C/1998 J1 (SOHO)

Discovery
- Discovered by: SOHO S. Stezelberger
- Discovery date: 3 May 1998

Designations
- Alternative designations: SOHO-49

Orbital characteristics
- Epoch: 9 June 1998 (JD 2450973.5)
- Observation arc: 94 days
- Number of observations: 318
- Perihelion: 0.153 AU
- Eccentricity: 1.00017
- Inclination: 62.932°
- Longitude of ascending node: 351.65°
- Argument of periapsis: 110.56°
- Mean anomaly: 0.0012°
- Last perihelion: 8 May 1998
- Earth MOID: 0.316 AU
- Jupiter MOID: 3.143 AU

Physical characteristics
- Comet total magnitude (M1): 6.5
- Comet nuclear magnitude (M2): 10.0
- Apparent magnitude: 0.0 (1998 apparition)

= C/1998 J1 (SOHO) =

Hyperbolic comet

C/1998 J1 (SOHO) is a hyperbolic comet discovered from the edge of SOHO's LASCO-C3 field-of-view on 3 May 1998. It is one of the few small comets observed by SOHO that has survived its close encounter with the Sun.

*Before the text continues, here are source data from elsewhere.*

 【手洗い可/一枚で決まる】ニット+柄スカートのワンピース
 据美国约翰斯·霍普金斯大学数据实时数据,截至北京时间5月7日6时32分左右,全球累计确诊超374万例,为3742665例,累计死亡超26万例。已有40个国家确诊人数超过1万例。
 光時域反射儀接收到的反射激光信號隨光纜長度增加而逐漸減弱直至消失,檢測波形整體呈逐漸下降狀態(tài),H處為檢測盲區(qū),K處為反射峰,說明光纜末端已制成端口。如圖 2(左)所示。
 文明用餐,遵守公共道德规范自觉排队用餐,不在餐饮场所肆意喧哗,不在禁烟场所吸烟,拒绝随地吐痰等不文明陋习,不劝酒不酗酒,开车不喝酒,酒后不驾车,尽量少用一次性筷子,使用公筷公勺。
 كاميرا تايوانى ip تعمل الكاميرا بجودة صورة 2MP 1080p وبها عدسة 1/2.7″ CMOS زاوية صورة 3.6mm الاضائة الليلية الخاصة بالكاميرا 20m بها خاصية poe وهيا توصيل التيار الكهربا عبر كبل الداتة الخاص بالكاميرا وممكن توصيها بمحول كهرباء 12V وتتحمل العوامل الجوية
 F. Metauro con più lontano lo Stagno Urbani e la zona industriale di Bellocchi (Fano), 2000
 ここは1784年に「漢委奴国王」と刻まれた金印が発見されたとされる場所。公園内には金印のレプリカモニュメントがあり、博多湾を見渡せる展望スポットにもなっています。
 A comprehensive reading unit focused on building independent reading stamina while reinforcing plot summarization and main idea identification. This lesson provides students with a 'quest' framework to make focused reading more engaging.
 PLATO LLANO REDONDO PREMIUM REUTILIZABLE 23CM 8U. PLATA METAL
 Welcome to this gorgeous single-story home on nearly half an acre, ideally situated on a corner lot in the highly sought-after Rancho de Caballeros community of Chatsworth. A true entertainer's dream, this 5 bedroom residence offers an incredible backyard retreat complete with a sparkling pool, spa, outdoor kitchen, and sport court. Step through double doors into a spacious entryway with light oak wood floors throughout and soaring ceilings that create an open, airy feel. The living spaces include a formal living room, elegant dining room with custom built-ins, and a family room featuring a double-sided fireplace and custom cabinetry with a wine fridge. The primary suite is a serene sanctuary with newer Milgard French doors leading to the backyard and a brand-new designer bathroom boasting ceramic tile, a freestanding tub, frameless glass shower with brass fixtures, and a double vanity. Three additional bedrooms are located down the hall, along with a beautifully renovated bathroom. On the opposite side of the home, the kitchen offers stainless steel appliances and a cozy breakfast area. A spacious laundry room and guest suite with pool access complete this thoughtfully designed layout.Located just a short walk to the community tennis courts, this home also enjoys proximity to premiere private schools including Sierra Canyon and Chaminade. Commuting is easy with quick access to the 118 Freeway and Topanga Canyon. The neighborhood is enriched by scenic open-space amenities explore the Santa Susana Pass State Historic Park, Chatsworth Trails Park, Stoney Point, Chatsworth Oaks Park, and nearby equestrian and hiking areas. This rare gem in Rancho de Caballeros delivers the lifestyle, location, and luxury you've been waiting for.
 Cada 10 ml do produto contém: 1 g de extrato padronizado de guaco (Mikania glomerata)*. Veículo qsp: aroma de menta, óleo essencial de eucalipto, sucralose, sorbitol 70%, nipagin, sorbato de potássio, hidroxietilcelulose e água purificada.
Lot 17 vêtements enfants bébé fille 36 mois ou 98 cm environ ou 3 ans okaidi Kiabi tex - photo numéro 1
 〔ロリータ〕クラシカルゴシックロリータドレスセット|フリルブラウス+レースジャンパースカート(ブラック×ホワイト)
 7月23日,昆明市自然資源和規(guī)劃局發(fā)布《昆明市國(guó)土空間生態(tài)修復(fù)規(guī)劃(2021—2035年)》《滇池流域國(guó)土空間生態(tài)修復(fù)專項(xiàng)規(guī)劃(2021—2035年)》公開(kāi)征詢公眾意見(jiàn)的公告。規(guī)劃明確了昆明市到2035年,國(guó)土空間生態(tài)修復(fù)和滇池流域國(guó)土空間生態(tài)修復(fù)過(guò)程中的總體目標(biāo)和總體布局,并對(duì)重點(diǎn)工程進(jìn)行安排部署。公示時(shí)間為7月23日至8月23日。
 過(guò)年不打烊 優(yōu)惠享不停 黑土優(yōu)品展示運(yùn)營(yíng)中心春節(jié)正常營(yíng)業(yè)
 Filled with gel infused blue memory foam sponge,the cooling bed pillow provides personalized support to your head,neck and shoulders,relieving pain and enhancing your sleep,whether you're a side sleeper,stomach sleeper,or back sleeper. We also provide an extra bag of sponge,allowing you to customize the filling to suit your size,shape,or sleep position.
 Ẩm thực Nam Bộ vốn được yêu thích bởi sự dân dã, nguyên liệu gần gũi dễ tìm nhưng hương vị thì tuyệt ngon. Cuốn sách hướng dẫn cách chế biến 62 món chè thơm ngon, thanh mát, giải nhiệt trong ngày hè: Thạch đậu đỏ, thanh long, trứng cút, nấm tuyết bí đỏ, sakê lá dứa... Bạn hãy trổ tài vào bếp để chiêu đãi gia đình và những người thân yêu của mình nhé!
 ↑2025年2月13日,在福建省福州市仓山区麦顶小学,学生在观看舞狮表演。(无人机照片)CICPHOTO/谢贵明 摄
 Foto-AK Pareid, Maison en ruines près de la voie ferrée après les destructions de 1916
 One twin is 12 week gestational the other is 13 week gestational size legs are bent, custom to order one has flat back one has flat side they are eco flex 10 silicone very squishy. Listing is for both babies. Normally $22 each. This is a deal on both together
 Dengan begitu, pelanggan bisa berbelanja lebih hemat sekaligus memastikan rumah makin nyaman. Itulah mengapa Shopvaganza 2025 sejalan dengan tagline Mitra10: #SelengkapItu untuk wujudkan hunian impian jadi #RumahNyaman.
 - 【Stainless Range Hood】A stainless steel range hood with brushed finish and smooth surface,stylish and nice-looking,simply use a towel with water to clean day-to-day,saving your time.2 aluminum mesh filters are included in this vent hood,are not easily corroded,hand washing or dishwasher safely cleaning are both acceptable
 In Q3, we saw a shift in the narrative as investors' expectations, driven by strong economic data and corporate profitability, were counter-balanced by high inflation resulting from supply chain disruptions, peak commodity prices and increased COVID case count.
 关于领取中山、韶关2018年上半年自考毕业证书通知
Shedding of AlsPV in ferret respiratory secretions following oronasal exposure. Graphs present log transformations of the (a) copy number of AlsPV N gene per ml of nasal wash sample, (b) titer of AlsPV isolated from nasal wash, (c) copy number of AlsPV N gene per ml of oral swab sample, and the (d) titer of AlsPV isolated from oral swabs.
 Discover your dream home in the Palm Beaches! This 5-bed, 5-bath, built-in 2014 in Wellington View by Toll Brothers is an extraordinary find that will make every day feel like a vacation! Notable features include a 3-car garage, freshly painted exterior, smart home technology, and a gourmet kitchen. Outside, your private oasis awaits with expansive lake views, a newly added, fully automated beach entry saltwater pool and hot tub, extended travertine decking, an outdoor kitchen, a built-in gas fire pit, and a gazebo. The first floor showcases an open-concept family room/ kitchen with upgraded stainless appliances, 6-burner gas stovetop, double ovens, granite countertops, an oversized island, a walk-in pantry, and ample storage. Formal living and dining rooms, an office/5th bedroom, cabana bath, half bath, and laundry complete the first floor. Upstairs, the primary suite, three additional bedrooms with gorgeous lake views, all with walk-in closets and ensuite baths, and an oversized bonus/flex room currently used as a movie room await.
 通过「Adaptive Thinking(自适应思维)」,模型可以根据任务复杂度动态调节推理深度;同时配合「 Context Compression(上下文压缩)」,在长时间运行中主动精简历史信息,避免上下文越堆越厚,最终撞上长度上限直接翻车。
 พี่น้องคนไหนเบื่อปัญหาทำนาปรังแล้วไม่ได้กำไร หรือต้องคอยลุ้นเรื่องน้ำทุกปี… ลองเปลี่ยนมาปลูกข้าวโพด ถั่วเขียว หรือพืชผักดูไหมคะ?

== Observational history ==
S. Stezelberger first spotted the comet from a series of photographs taken by the LASCO-C3 instrument of the Solar and Heliospheric Observatory on 3 May 1998, making it the spacecraft's 49th comet discovery since January 1996.

Nicolas Biver and H. Dahle made the first ground observations of the comet from Oahu, Hawaii on 11 May 1998. They reported that the comet was an extremely condensed object around magnitude 0.5 in brightness. At the time, the comet was positioned near the Pleiades cluster, allowing Jost Jahn to perform astrometry measurements. Earlier, on 9 May 1998, Alan Hale, Gary W. Kronk and Mauro V. Zanotta also attempted ground observations but failed to find the comet.